RBI lets banks buy up to 10% in a company's equity without prior permission
18 September 2015
Reserve Bank of India (RBI) has allowed banks to make investments of up to 10 per cent in the equity capital of limited companies without having to seek prior permission of the central bank, provided their equity holdings will be within the 10 per cent limit.
This is expected to provide banks more operational freedom and flexibility in decision making.
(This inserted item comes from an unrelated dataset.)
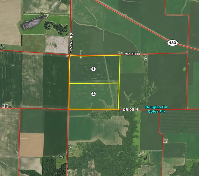 Tract 2: 96 Acres, featuring primary soil types of Drummer silty clay loam and Raub silt loam. Road frontage along County Road 1975E and County Road 00N (Douglas-Coles County line).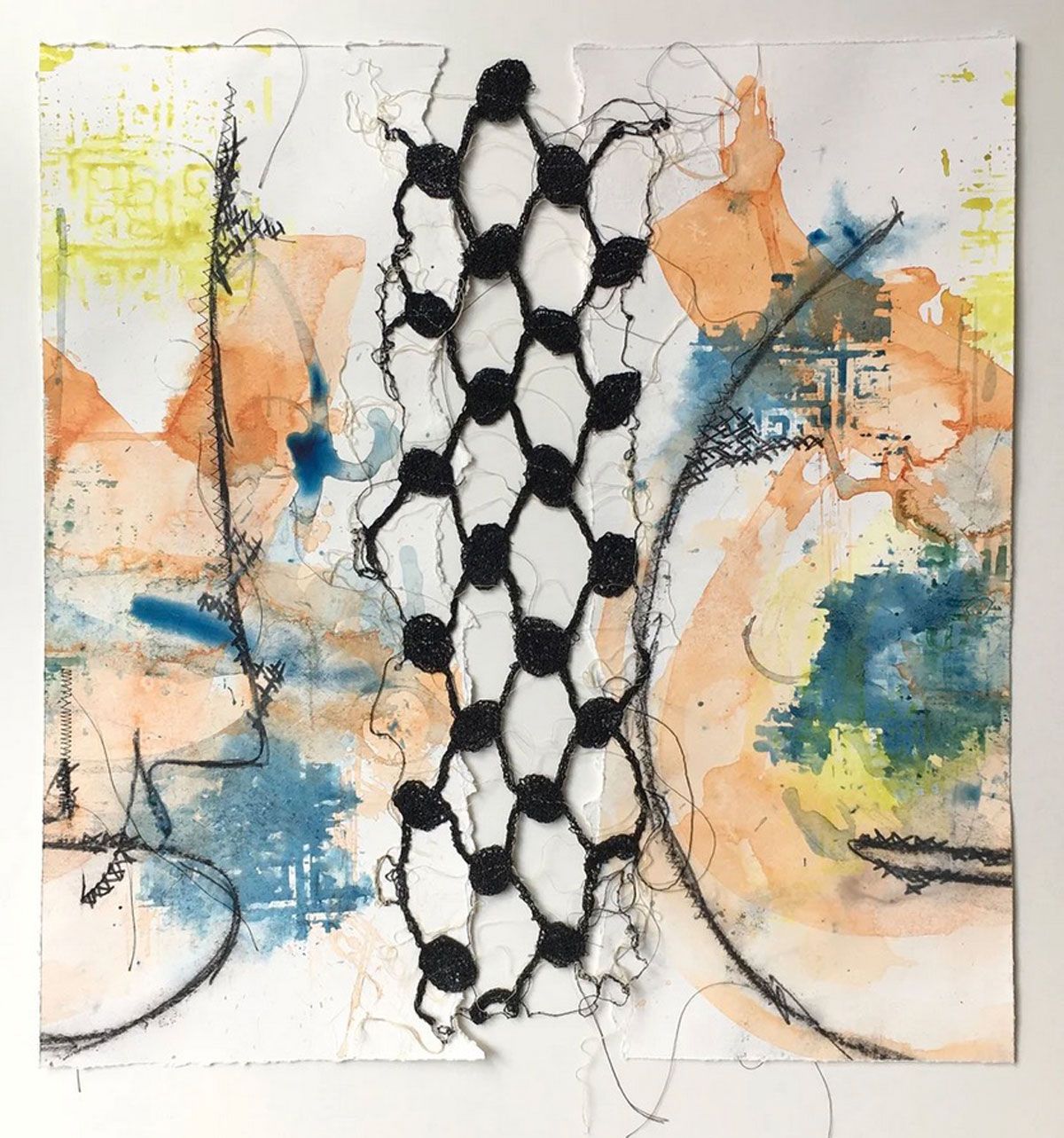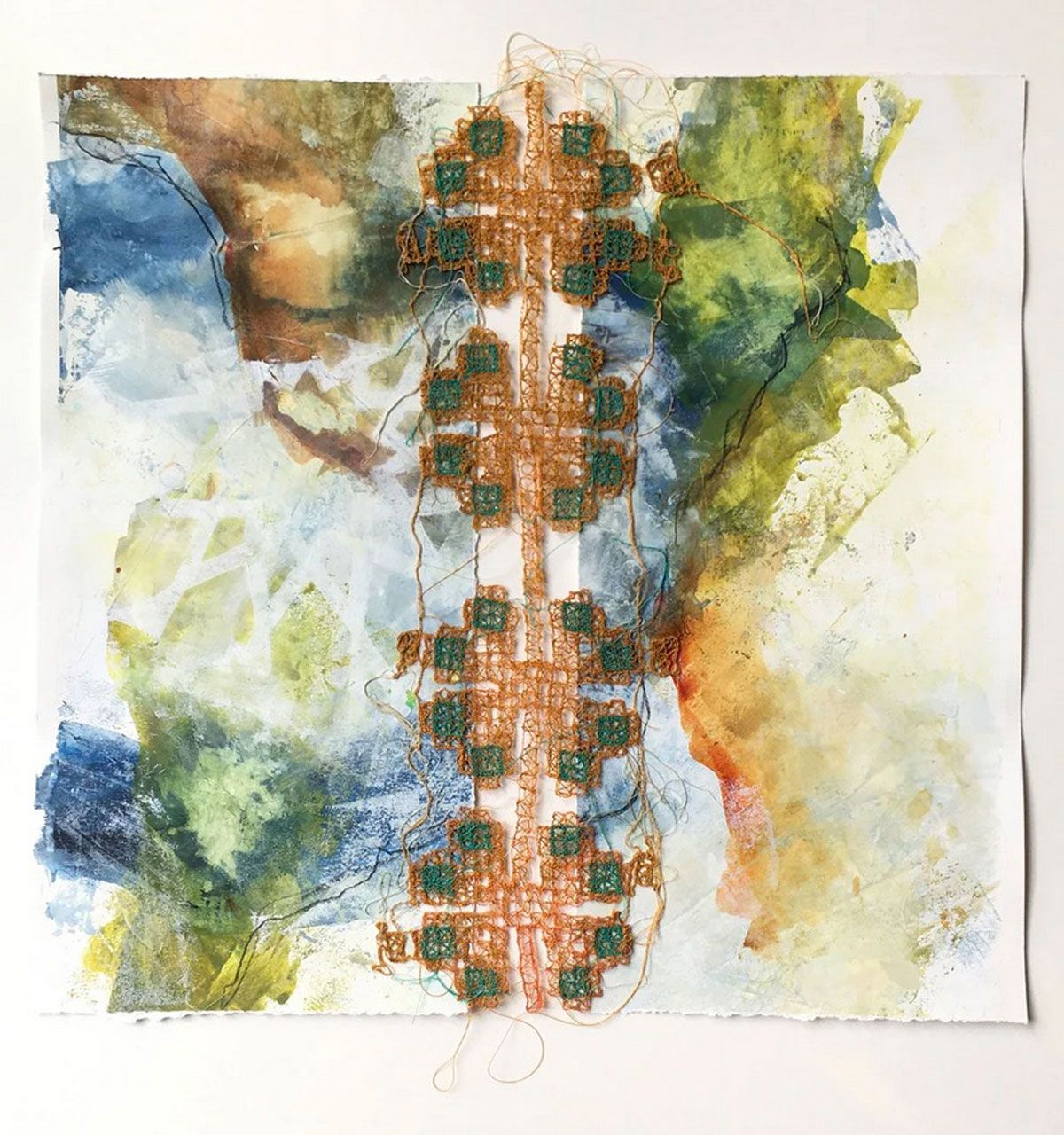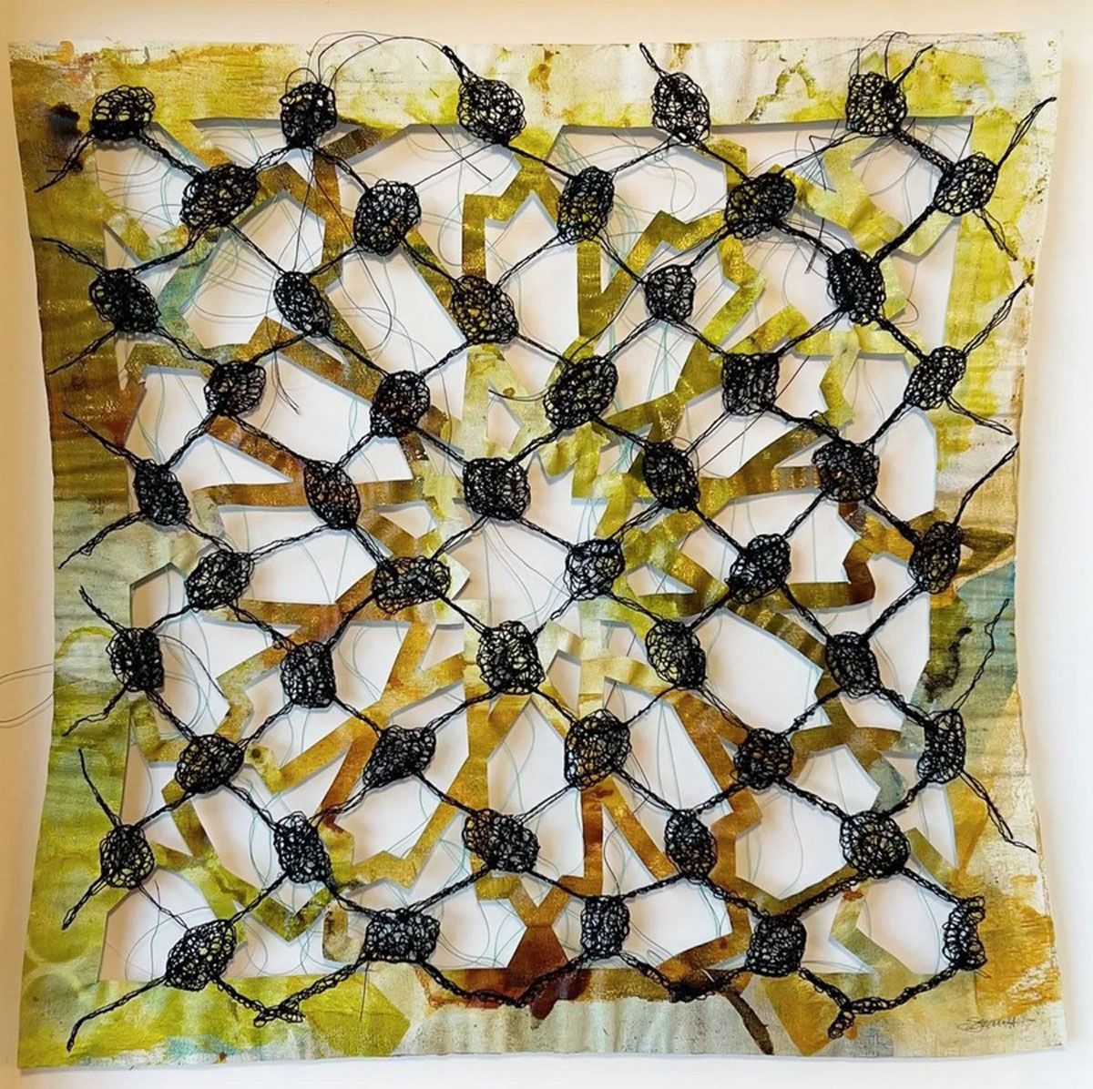 Hussaini reinterprets Palestinian identity through contemporary Tatreez, a traditional cross-stitch embroidery, and the keffiyeh, which is a traditional headscarf. Her freehand stitched designs, created with a sewing machine on water-soluble fabric, blend with multimedia layers on canvas or paper. This intertwining reflects women’s self-expression and the diasporic identity. The torn and stitched layers symbolize the resilience of identity, demonstrating the complex interplay of cultural heritage and socio-political awareness in the face of diaspora.

Such banks, however, should have capital to risk-weighted assets (CRAR) of 10 per cent or more and have also made net profit as of 31 March of the previous year.
Banks may also need to approach RBI for prior approval for equity investments in cases where after such investment, the holding of the bank remains less than 10 per cent of the investee company's paid-up capital, and the holding of the bank, along with its subsidiaries or joint ventures or entities continues to remain less than 20 per cent of the investee company's paid up capital.
The investment will continue to be subject to extant prudential limits as well as extant prudential norms, RBI said.
Equity investments by a bank in a subsidiary company, or a financial services company, including financial institutions, stock and other exchanges, depositories, etc, which is not a subsidiary, should not exceed 10 per cent of the bank's paid-up share capital and reserves as per extant RBI rules.
The total investments made by a bank in all subsidiaries and other entities that are engaged in financial services activities together with equity investments in entities engaged in non-financial services activities should not exceed 20 per cent of the bank's paid-up share capital and reserves.
The cap of 20 per cent will not apply, nor will prior approval of RBI be required, if investments in financial services companies are held under 'Held for Trading' category, and are not held beyond 90 days as envisaged in the RBI guidelines on 'Prudential Norms for Classification, Valuation and Operation of Investment Portfolio by Banks'. They are also subject to extant prudential norms.